Multiple Particle Tracking Detects Changes in Brain Extracellular Matrix and Predicts Neurodevelopmental Age.

机构信息

Department of Chemical Engineering, University of Washington, Seattle, Washington 98195, United States.

Department of Radiology, University of Washington, Seattle, Washington 98195, United States.

出版信息

ACS Nano. 2021 May 25;15(5):8559-8573. doi: 10.1021/acsnano.1c00394. Epub 2021 May 10.

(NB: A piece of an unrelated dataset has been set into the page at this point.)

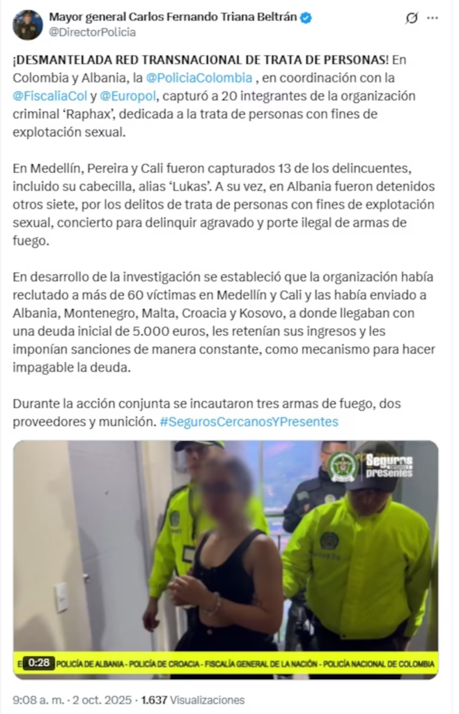 La Policía Nacional de Colombia (Ponal) desarticuló una estructura transnacional dedicada a la trata de personas con fines de explotación sexual, conocida como ‘Raphax’, tras una serie de operativos coordinados con la Fiscalía General de la Nación y agencias internacionales.

DOI:10.1021/acsnano.1c00394
PMID:33969999
原文链接:https://pmc.ncbi.nlm.nih.gov/articles/PMC8281364/
Abstract

Brain extracellular matrix (ECM) structure mediates many aspects of neural development and function. Probing structural changes in brain ECM could thus provide insights into mechanisms of neurodevelopment, the loss of neural function in response to injury, and the detrimental effects of pathological aging and neurological disease. We demonstrate the ability to probe changes in brain ECM microstructure using multiple particle tracking (MPT). We performed MPT of colloidally stable polystyrene nanoparticles in organotypic rat brain slices collected from rats aged 14-70 days old. Our analysis revealed an inverse relationship between nanoparticle diffusive ability in the brain extracellular space and age. Additionally, the distribution of effective ECM pore sizes in the cortex shifted to smaller pores throughout development. We used the raw data and features extracted from nanoparticle trajectories to train a boosted decision tree capable of predicting chronological age with high accuracy. Collectively, this work demonstrates the utility of combining MPT with machine learning for measuring changes in brain ECM structure and predicting associated complex features such as chronological age. This will enable further understanding of the roles brain ECM play in development and aging and the specific mechanisms through which injuries cause aberrant neuronal function. Additionally, this approach has the potential to develop machine learning models capable of detecting the presence of injury or indicating the extent of injury based on changes in the brain microenvironment microstructure.

摘要

脑细胞外基质(ECM)结构介导了神经发育和功能的许多方面。因此,探测脑 ECM 的结构变化可以深入了解神经发育的机制、损伤导致的神经功能丧失以及病理性衰老和神经疾病的有害影响。我们展示了使用多粒子跟踪(MPT)探测脑 ECM 微结构变化的能力。我们在从 14-70 天大的大鼠中收集的器官型大鼠脑切片中进行了胶体稳定聚苯乙烯纳米颗粒的 MPT。我们的分析表明,脑细胞外空间中纳米颗粒扩散能力与年龄呈反比关系。此外,皮层中有效 ECM 孔径的分布在整个发育过程中向较小的孔径转移。我们使用原始数据和从纳米颗粒轨迹中提取的特征来训练一个能够高精度预测年龄的提升决策树。总的来说,这项工作证明了将 MPT 与机器学习相结合来测量脑 ECM 结构变化并预测相关复杂特征(如年龄)的有效性。这将进一步了解脑 ECM 在发育和衰老中的作用,以及损伤导致异常神经元功能的具体机制。此外,这种方法有可能开发出基于脑微环境微结构变化来检测损伤存在或指示损伤程度的机器学习模型。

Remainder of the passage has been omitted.